On January 2, 2019, BMS entered into a bridge facility commitment letter pursuant to which Morgan Stanley Senior Funding, Inc. and MUFG Bank, Ltd. have committed to provide a 364-day senior unsecured bridge term loan facility in an aggregate principal amount of $33.5 billion to finance the acquisition by BMS pursuant to the Merger Agreement. The Bridge Facility will be drawn upon in the event that BMS has not issued and/or received a combination of proceeds, together with available cash on hand, from (i) unsecured debt securities, (ii) term loan facilities and revolving credit facilities and (iii) commercial paper, prior to or concurrently with the consummation of the Merger. The commitment is subject to customary conditions.

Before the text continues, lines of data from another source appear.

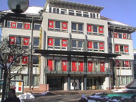 Rathaus wird zum Adventskalender Noch sind alle Fenster am Rathaus geschlossen. (Foto:Richter)(hr) Zum ersten Mal in Eberbach wird es in diesem Jahr einen "lebendigen" Adventskalender geben. An jedem Tag vom 1. bis 24. Dezember wird um 17 Uhr ein Fenster des Rathauses am Leopoldsplatz geöffnet. Gruppen der katholischen und evangelischen Kirchengemeinden haben die einzelnen Fenster gestaltet, und werden auch am jeweiligen Tag das Öffnen "ihrer" Fenster mit Musik und Texten umrahmen. Gemeinsam werden auch Adventslieder gesungen.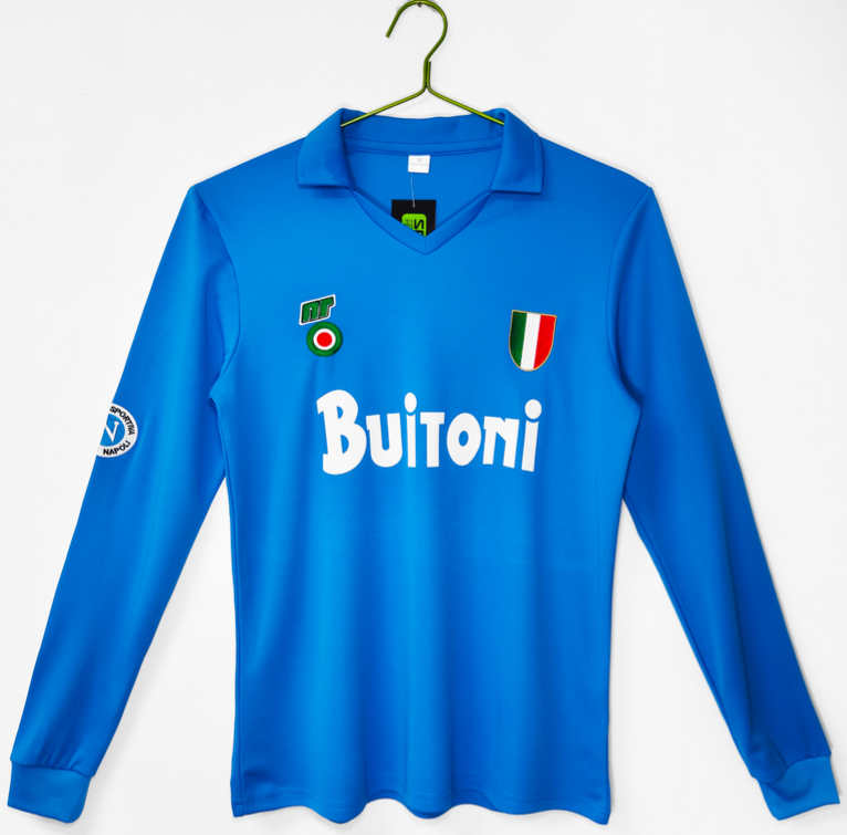 Poceni Moški retro nogometni dresi SSC Napoli Domači 1987-88 modra Dolgi Rokav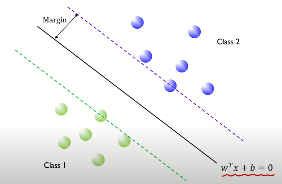 Margin은 각 클래스에서 가장 가까운 관측치 사이의 거리이다. 위 그림에서는 파란색 원이 hyperplane(wTx+b)와 가장 가까이 있고, 이 거리를 Margin이라고 부른다. 또한 Margin은 w(기울기)로 표현 가능하다.

The foregoing description of the Commitment Letter does not purport to be complete and is qualified in its entirety by reference to the full text of the Commitment Letter, which is attached hereto as Exhibit 10.2 and is incorporated herein by reference.

Completion of the Merger is subject to customary closing conditions, including (1) the adoption of the Merger Agreement by a majority of the holders of the outstanding shares of Celgene common stock, (2) approval of the issuance of BMS common stock issued in the Merger by a majority of the votes cast by BMS stockholders on the matter, (3) approval for listing on the New York Stock Exchange of BMS common stock and the CVRs to be issued in the Merger, (4) the expiration or early termination of the applicable waiting period under the Hart-Scott-Rodino Antitrust Improvements Act of 1976, as amended, and the approval of the Merger under the antitrust laws of other specified jurisdictions, (5) accuracy of the other party’s representations and warranties, subject to certain materiality standards set forth in the Merger Agreement and (6) compliance in all material respects with the other party’s obligations under the Merger Agreement.